Forgiveness is power! Use it to keep your insides clean and to transform others. The words of Jesus on the cross did a number on one of the thieves. He had not operated with that system. They were getting what they deserved for their lives of crime, and the Lord of the universe just forgave him for everything he ever did. Wow! Forgiveness is powerful!! It opened his heart to the revelation of God’s mercy. Operating with the merit system keeps us tied to justice rather than mercy. James wrote powerfully, “So speak and so act as those who are to be judged under the law of liberty. For judgment is without mercy to one who has shown no mercy. Mercy triumphs over judgment” (James 2:12,13). Was it easy for Joseph to forgive his brothers? I don’t know, but he had already practiced it long before they met him as prime minister. He had been sinned against by Potiphar, who sent him into the dungeon. He had been sinned against by Potiphar’s wife, who wrongfully accused him. He had also forgiven the butler, who forgot to mention him to Pharaoh–for two full years, 730 stinkin’ days! He dealt well with his garbage!

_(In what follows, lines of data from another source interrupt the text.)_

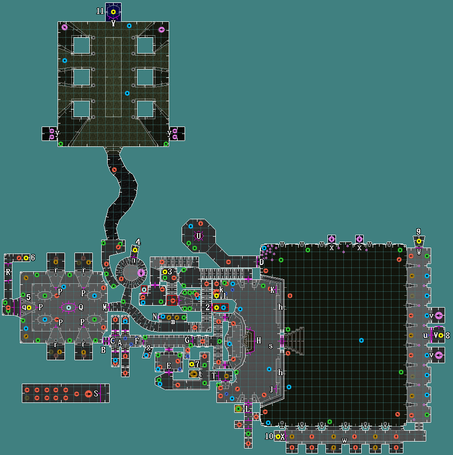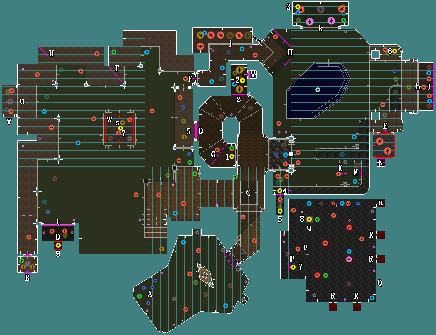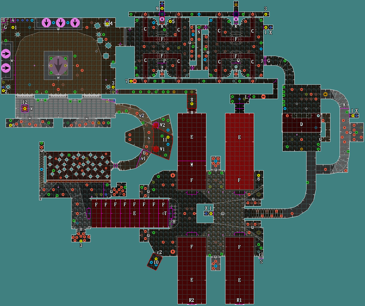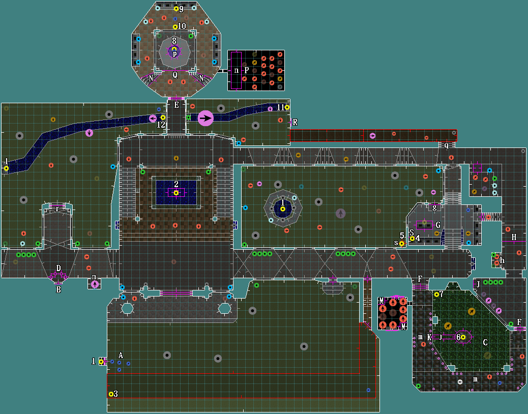 | A.初始位置 B.出口按鈕 C.需紅鑰匙開啟的門 D.需藍鑰匙開啟的門 E.需黃鑰匙開啟的門 F.暫時降下平台f的按鈕 G.暫時降下平台g的按鈕 H.幻象牆 J.暫時開啟牆j的按鈕 K.傳送至k L.走過會開啟兩旁的牆 M.暫時開啟牆m的按鈕 N.走過會開啟牆n P.走過會開啟牆p Q.怪物傳送至q R.傳送至r | 1.霰彈槍 2.靈魂球 3.綠護甲 4.雙管霰彈槍 5.黃鑰匙 6.超級球 7.藍鑰匙 8.紅鑰匙 9.火箭炮 |
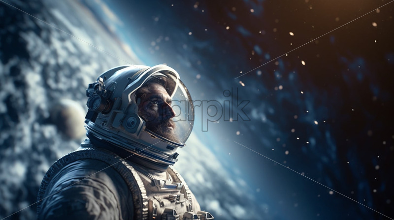 Astronaut admiring a distant galaxy. Cosmic exploration
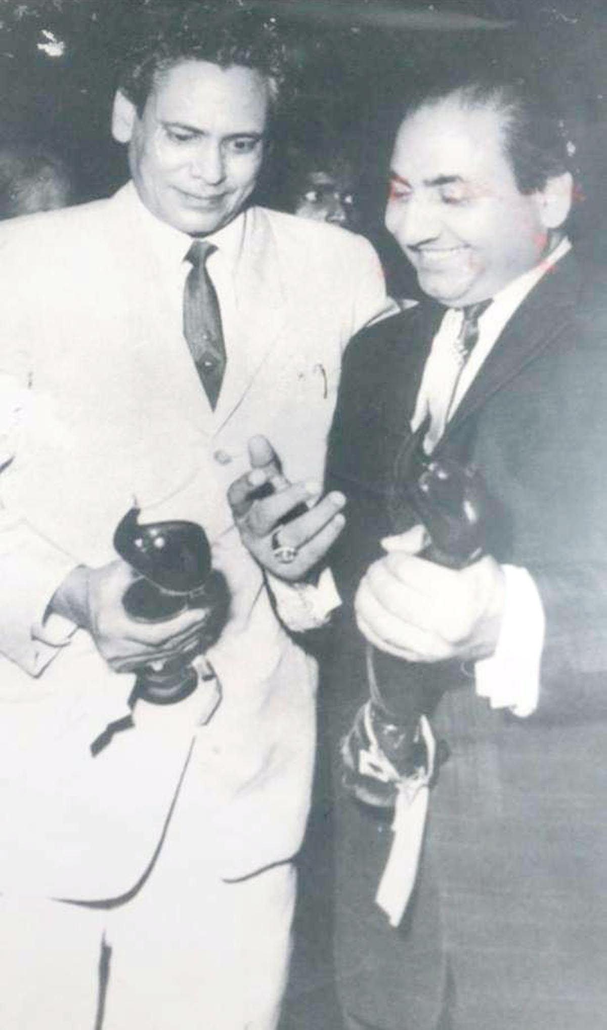 شہنشاہ گلوکار محمد رفیع اور حسرت جئے پوری فلم فیر ایوارڈ حاصل کرنے کے بعد۔
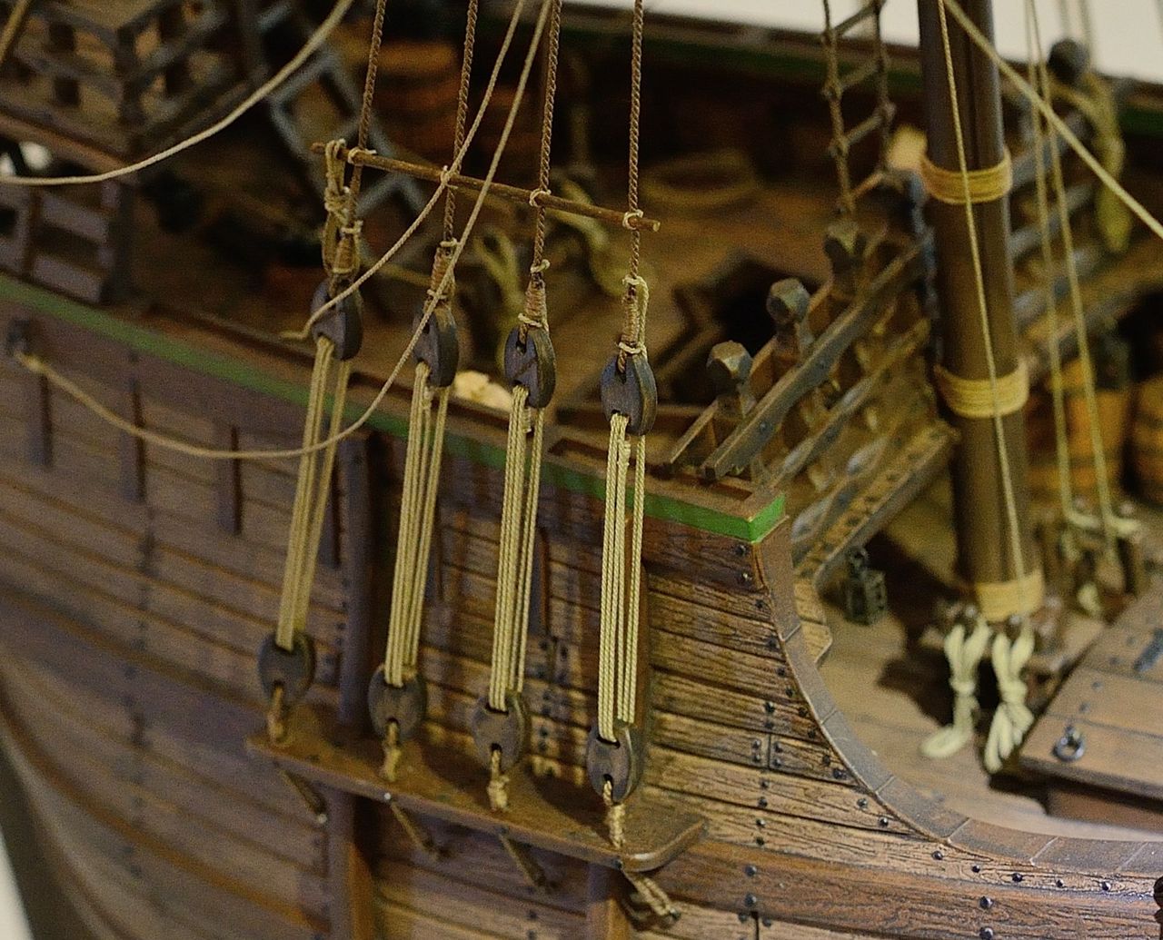 Доработки:1.гвоздевание корпуса2.замена пластиковых якорей на металл- якоря Amati с полной обвязкой ,устройством ,включая томбуй 3.стоячий, бегущий такелаж-тросомот(нить гутерман,амати,корел)4.рымы,блоки,нагеля,утки5.добавил фонари на корму,фонари судовые , фальконеты(Amati)6.бочки сборные (мир моделей),ящики,бутыли 7.парус,мешки,скрутки,веревочная лестница,петли,ведра,флаги(через термотрансферную бумагу на ткань) –самодел.
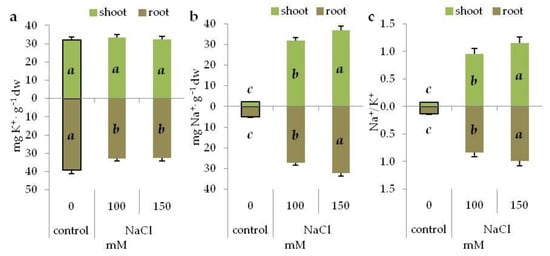 In 14-day old grass pea seedlings treated with NaCl, the content of K+ ions did not change in the shoots, but decreased significantly in the roots (Figure 2a). In turn, sodium ion accumulation increased gradually with increasing NaCl concentration in the medium, both in the shoots and roots (Figure 2b). The Na+/K+ ratio changed in the same way (Figure 2c).
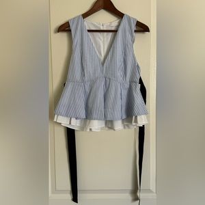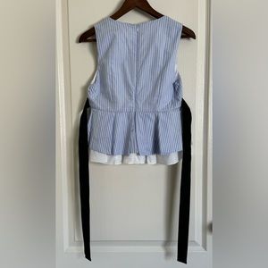 Zara top with tie in blue stripe and white contrast cotton poplin and black tie. Can be tied at the front or back.
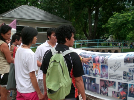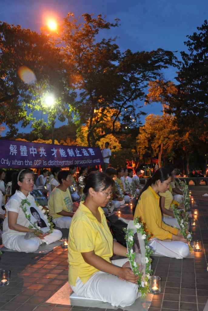 从一九九九年七月二十日至今,中共对法轮功的迫害已长达十一年,法轮功学员坚持和平理性地讲真相,赢得了越来越多的中国民众和国际社会的支持。七月十一日傍晚开始,泰国法轮功学员在曼谷最大的公园——是乐园的一个舞台和草坪上,拉开了“解体中共才能制止迫害”、“声援7600万中国民众退党潮”、“法轮大法好”等横幅,摆放了揭露中共残酷虐杀中国大陆法轮功修炼者、活摘法轮功学员器官、以及介绍大法在世界洪传等真相展板,并集体演示五套功法,举行反迫害和烛光悼念集会。庄严肃穆的场面,使许多游客驻足观看。
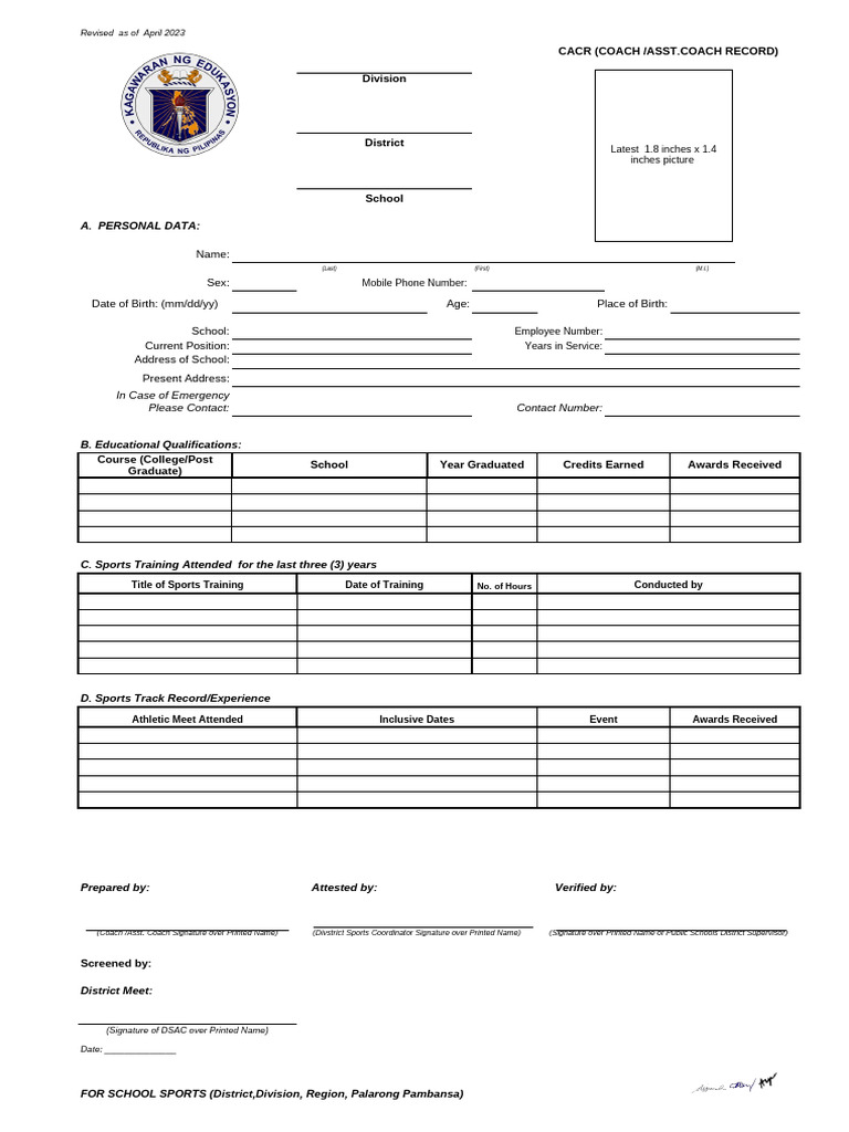 FOR SCHOOL SPORTS (District,Division, Region, Palarong Pambansa)
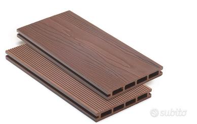 Pavimento wpc decking, per esterni, in doghe, Spessore 21/25 mm., Mis. 140/150x2000 mm., superficie liscia, venata o spazzolata, con resistenza allo scivolamento, colori beigè, marrone, grigio, blu, bianco.

Regret, by the way, is not repentance. It does not take garbage to the dump. It stays inside, keeping us in the past. Repentance moves us to the future. Regret is wishing something were different. Repentance removes the trash from our soul to the dumpster. Holding an offense sounds like a privilege. It is a prison. Joseph’s brothers didn’t expect him to forgive them, because they didn’t operate with the mercy system. He did. Through more than a decade of pain, Joseph managed to take life as it came to him without growing resentful. When they lied to him about what their father had not said, he was broken rather than bitter. He had the power to send them to prison or to death. Instead he said, “I will take care of you and your little ones.” Powerful! They lived under his care the rest of their lives. Had he not really forgiven them, he would have boiled over sooner or later. He forgave immediately and completely. Call it the mercy system. He knew how to take out the garbage. He would not allow trash like resentment, bitterness, revenge, or unforgiveness to hide in his soul and keep him from walking into his God-appointed destiny. And he became the second most powerful man on the planet! Way to go, Joe! How about you?
Love your columns Paul. I also pass them along to young people I mentor in Christ.
God bless you. 🙂
Thanks, Jay. If you are ever in town, let’s connect!